Through exchanges like these the afternoon through I became an instant regular at Nallen's. I remarked upon learning that the clientele was all regulars that the place does have a "Cheers" feel and Jason pointed down to the end of the bar at this big man, saying that I wouldn't believe it but that guy's name is Norm. God dammit, Denver! I listened to the tale of their marriage and two honeymoons (the first of which the whole fucking wedding party attended) and after a good while I was the happy receiver of a pint from Jason and a pint from this other fellow, Dennis.

Dennis, I told him because he had asked (showing incredible memory and listening skills) pointed questions at key points in the story of Savi's plan and my plan, he being seemingly entertained at the way they compliment each other. He asked what I was writing, and so I told him "ethnographies" and also about the story of the book, which, as it does everyone else, blows his mind. I tell him what to look for online, give him the web address of my blog (and by now I'm seven pints in) and Sara calls down to Old Chicago to order me a Reuben. Through all of this I kind of notice that this Dennis, like me, is a seriously good listener and that, unlike me, his pints seem not to be affecting him (likely he had two during his stay at the bar). I go pick up my food and share fries with Sara, this sight having a profound effect on Dennis, who keeps asking me after I mention any woman in my stories if that woman is "hot". He's a meathead, no doubt; one of these pitbull-shaped gym rats but clearly intelligent and an effective conversation partner...anyway, my phone's dead and I voice concern about getting back home as it's my first day in a new city and my only means of navigation won't navigate anyone as long as its screen's blacked, so Sara offers to give me a lift after her shift, which at that point ended in a few minutes.
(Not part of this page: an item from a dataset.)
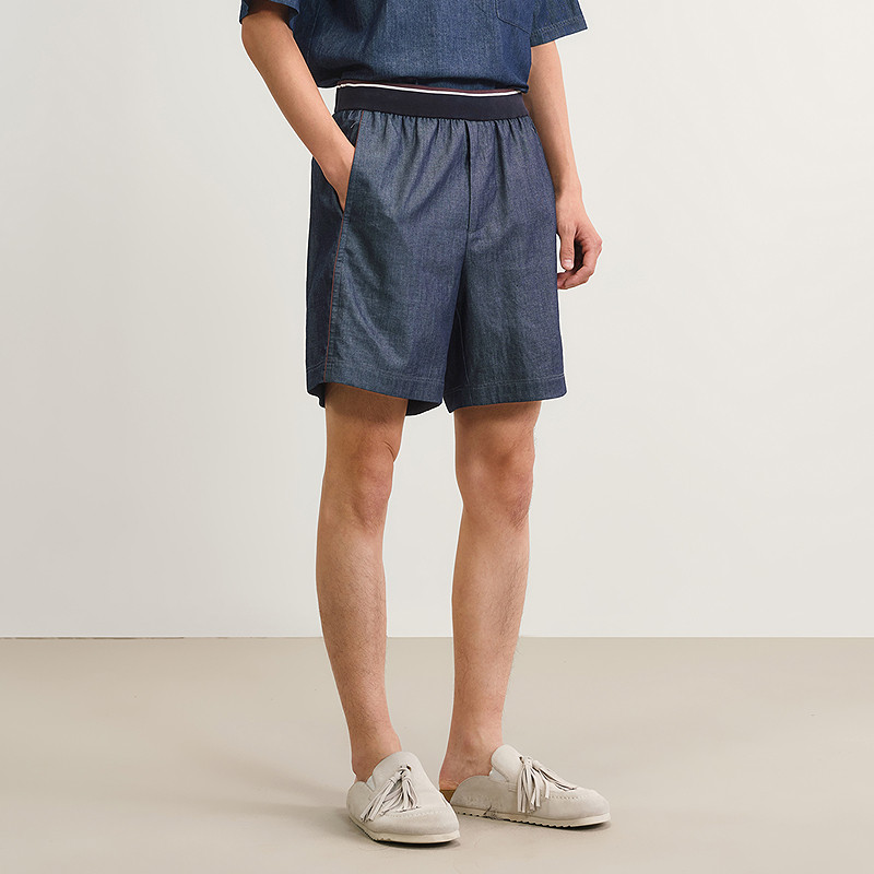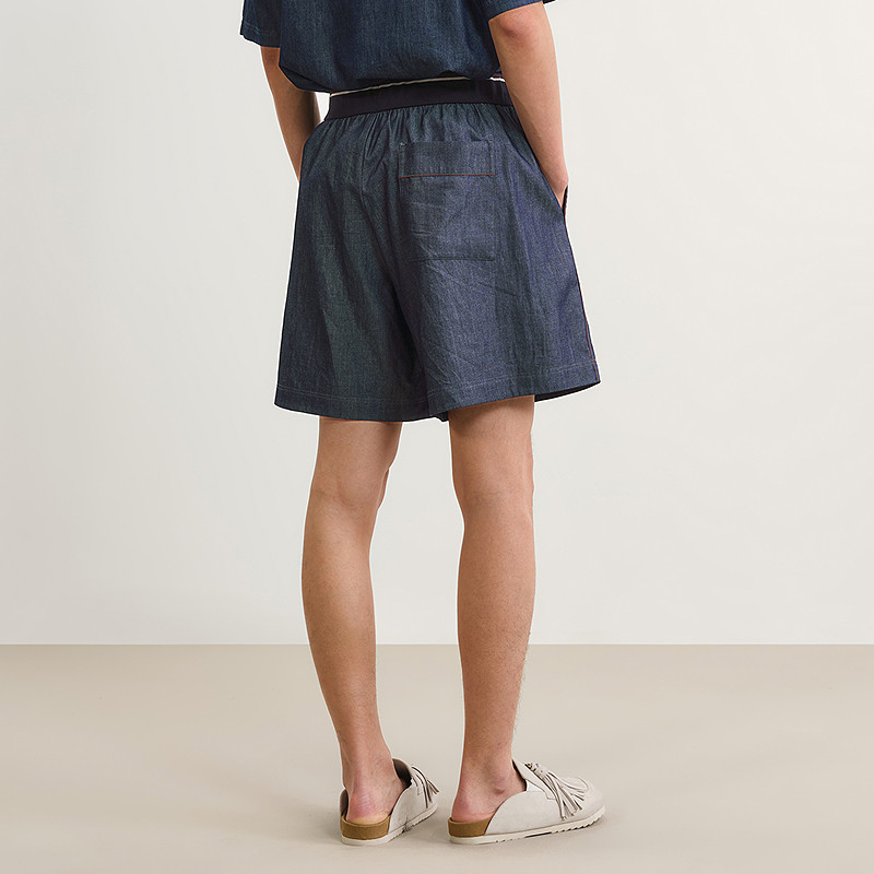 速写男装春夏新款男士裤子红边牛仔短裤宽松阔腿裤棉质休闲潮流

I listen to this Dennis' plan on creating a new kind of media (basically: interactive television on the internet, where the viewer takes part in the plot of show episodes over the period of days or a week. I revealed to him that Trent Reznor had been successful recently with ARGs (alternate-reality games; think LARPers, but more socially acceptable).) and when the time comes to head out the back, he says "don't be freaked out" and plops down onto the bar-top an FBI business card. "Special Agent" it reads, and queue the nervous laughter and out we go.

...

...

I mean, GAHHHHHHHHHH whatifhethinksimacriminalwhythefuckistheFBIinthesamebarasmewhatshismissionhereisherecruitingishealiarwhoisthisfuckerohgodwhataweirdnight

And so concluded my first night in Denver. I told Katie, my host, the whole thing and ate the other half of my Reuben and told a drunken Savi about it and...good morning, Day 2!